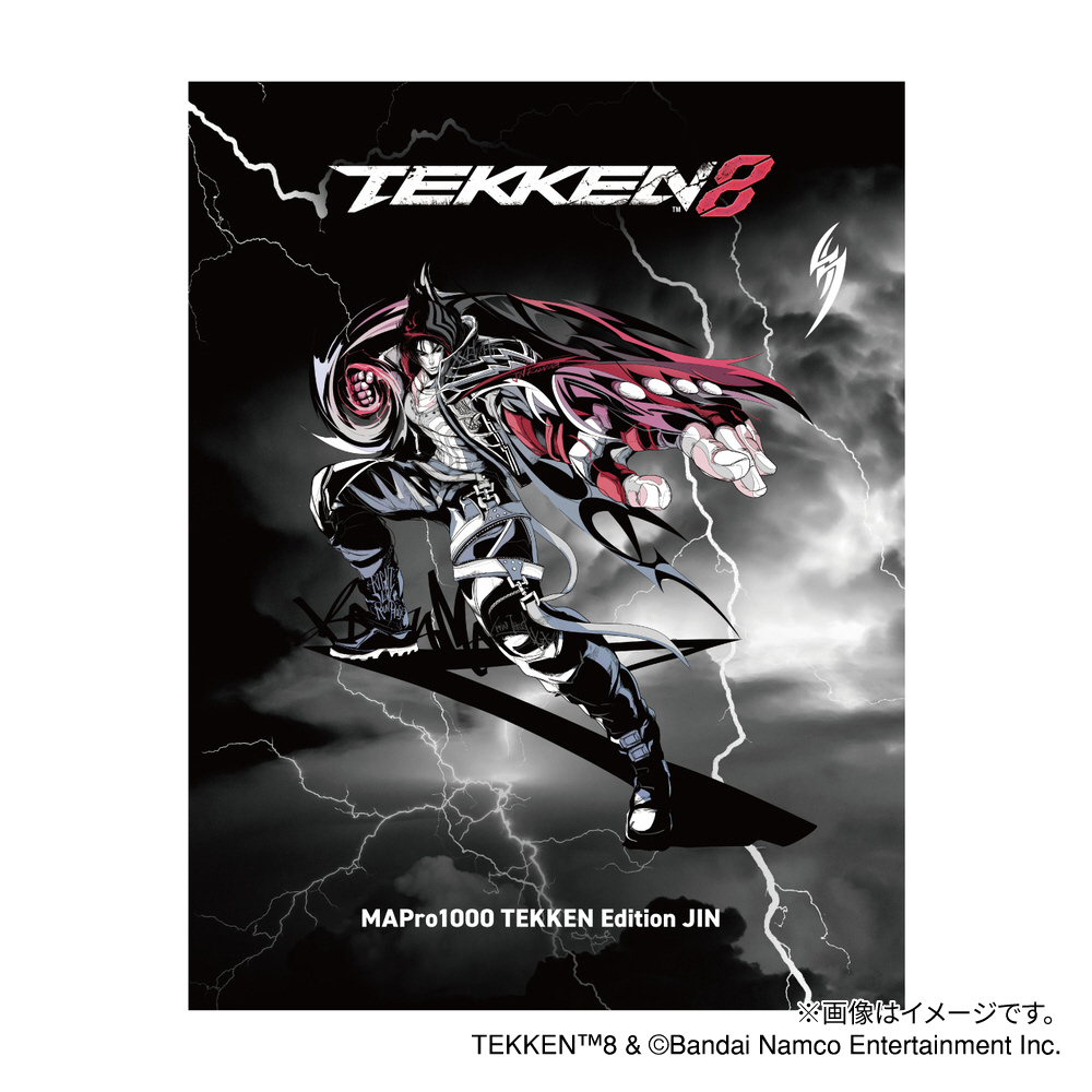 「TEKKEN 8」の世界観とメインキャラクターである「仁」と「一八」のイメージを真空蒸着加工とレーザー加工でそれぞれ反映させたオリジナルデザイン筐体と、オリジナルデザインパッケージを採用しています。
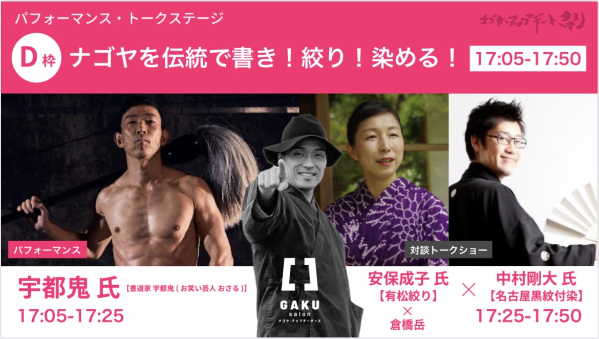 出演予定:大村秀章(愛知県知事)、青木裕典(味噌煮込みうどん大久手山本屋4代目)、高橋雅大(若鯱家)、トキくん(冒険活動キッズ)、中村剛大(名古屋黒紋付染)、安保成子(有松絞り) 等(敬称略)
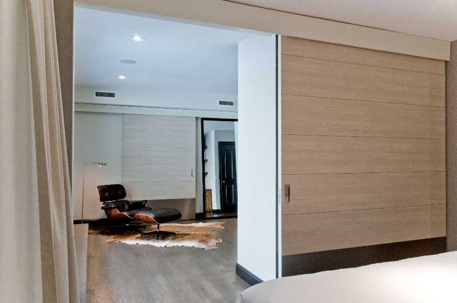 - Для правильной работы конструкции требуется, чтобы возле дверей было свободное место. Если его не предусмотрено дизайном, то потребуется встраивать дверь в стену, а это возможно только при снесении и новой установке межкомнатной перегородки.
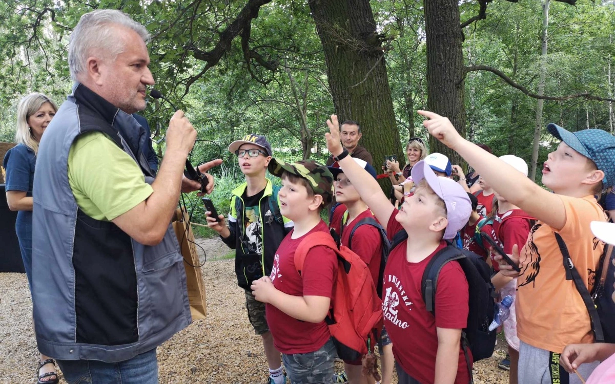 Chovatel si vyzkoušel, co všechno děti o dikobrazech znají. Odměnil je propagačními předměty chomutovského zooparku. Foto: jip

......

→ Task instructions
Exclude the images, then output the data above word for word.

→ Written response
 「TEKKEN 8」の世界観とメインキャラクターである「仁」と「一八」のイメージを真空蒸着加工とレーザー加工でそれぞれ反映させたオリジナルデザイン筐体と、オリジナルデザインパッケージを採用しています。
 出演予定:大村秀章(愛知県知事)、青木裕典(味噌煮込みうどん大久手山本屋4代目)、高橋雅大(若鯱家)、トキくん(冒険活動キッズ)、中村剛大(名古屋黒紋付染)、安保成子(有松絞り) 等(敬称略)
 - Для правильной работы конструкции требуется, чтобы возле дверей было свободное место. Если его не предусмотрено дизайном, то потребуется встраивать дверь в стену, а это возможно только при снесении и новой установке межкомнатной перегородки.
 Chovatel si vyzkoušel, co všechno děti o dikobrazech znají. Odměnil je propagačními předměty chomutovského zooparku. Foto: jip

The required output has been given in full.